A Bi-weekly payroll is often confused with semi-monthly payroll because they seem very much alike, but they’re not. If you receive a check every two weeks, you are entitled to 26 paychecks per year. That’s two paychecks more than someone who is paid twice a month. In both cases, you’ll have to budget keeping in mind that though you get your salary more than once a month, you’ll be paying your bills once a month.

Many people who have struggled to stick to a monthly budget, have succeeded in following a biweekly budget instead. One reason behind this is the fact that no two weeks are the same. Also, your entire monthly spending gets divided into fewer, manageable transactions. So, in case your budget didn’t work well for the first two weeks, you can tweak your next two week’s budgets instead of waiting for the month to end.  

If you’ve gone from a monthly pay schedule to a bi-weekly pay cycle lately and need to set a realistic budget, here are some tips for you:

Treating Third Paycheck Month Normal

Under a bi-weekly payroll, some months will have three checks while others will have two. So, it’s important to first create consistency in your monthly take-home pay for all 12 months of the year. Assuming that your monthly expenses remain constant every month, you should budget considering those ten months when you get paid twice. If you’ve made it through the month and still have a few dollars left in your account, you should be able to manage with two checks even during the months when you get three paychecks.

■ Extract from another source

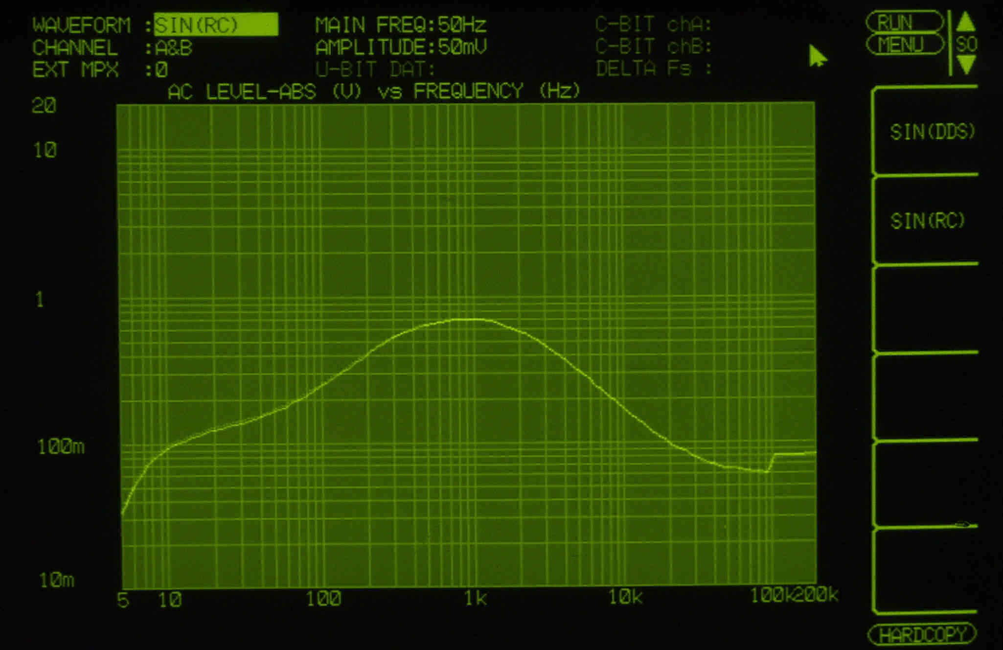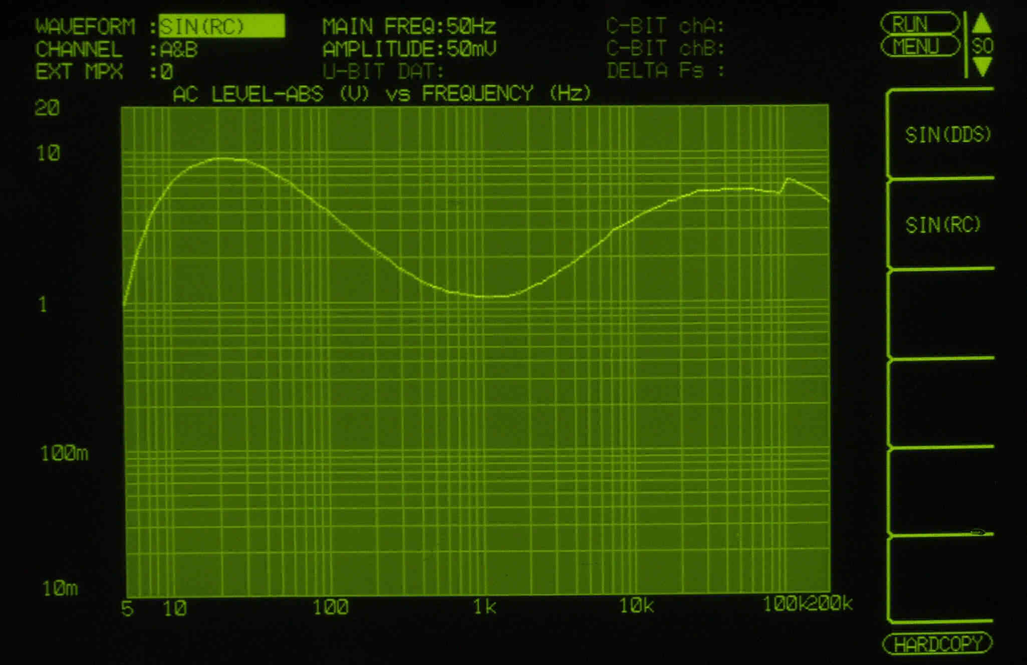 | F15. 入出力特性測定(AUX入力) LowFilter50HZ & HighFilter9KHZ ON。 AUX入力端子へ50mV一定入力 VRはmax 平均で1V出力。 左出力=薄(細い)色 右出力=濃い(太い)色 |

It’s better to forget about the third paycheck while budgeting and consider it as an excellent opportunity to boost your savings, pay off your debt or fulfill any other financial goals when it occurs. As a result, you won’t have to compromise on your retirement plan while managing to pay your usual monthly expenses.

Budget Paycheck #1

The first step in creating your bi-weekly budget or any budget for that matter is to make a list of all purchases and expenses. To know your first paycheck expenses, you need to mark those bills that are due before the next paycheck arrives and create estimates of other expenses like groceries, utilities, gas, and so on for the two weeks in question. After paying for the expenses of the first half of the month, if you have any money left over you can add it to your emergency or retirement funds. While doing all this, you also need to make sure that you keep track of your spending and not go over budget.  

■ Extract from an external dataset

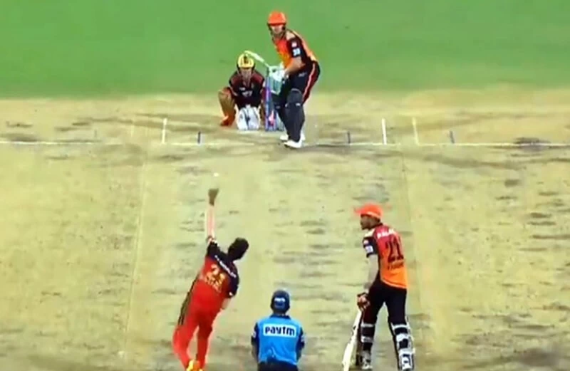 शाहबाज अहमद 17वां ओवर करने आए। उस वक्त हैदरबाद को 24 गेंद पर 35 रन चाहिए थे। क्रीज पर मनीष पांडे और जॉनी बेयरस्टो टिके हुए थे। पहली ही गेंद पर जॉनी बेयरस्टो ने हवा में शॉट उड़ाया, जिसको एबी डिविलियर्स ने पकड़ लिया। उसके बाद दूसरी ही गेंद पर उन्होंने मनीष पांडे को आउट किया। फिर ओवर की आखिरी गेंद पर अब्दुल समद ने शॉट मारने के चक्कर में आउट हो गए।

However, it could be so that your bills might exceed your first paycheck amount. It’s when you might need to have some extra money in your account. If you’ve done your calculations right and don’t see such a problem coming up, you won’t need any buffer.

Budget Paycheck #2

Moving on to the second paycheck of the month, you can now start thinking about the remaining bills for the month. You’ll have to budget the same way as you did for your first paycheck. The expense list should again contain all the statements due after your second paycheck and further cost of groceries and other expenses. For an occasional glitch in the budget, you know there are same day quick cash loans to help or savings from your first paycheck.

When you have a large amount of money deposited into your account, you tend to spend more. So, when the same amount is deposited in two installments, you become careful with your money. The success of a bi-weekly budget thrives on this very concept of spending money. You could have your bi-weekly budget even if you don’t get paid biweekly. All you need to do is first break monthly bills into weekly amounts and budget each paycheck accordingly. Finally, strategize on how to use your third paycheck to accomplish your financial goals.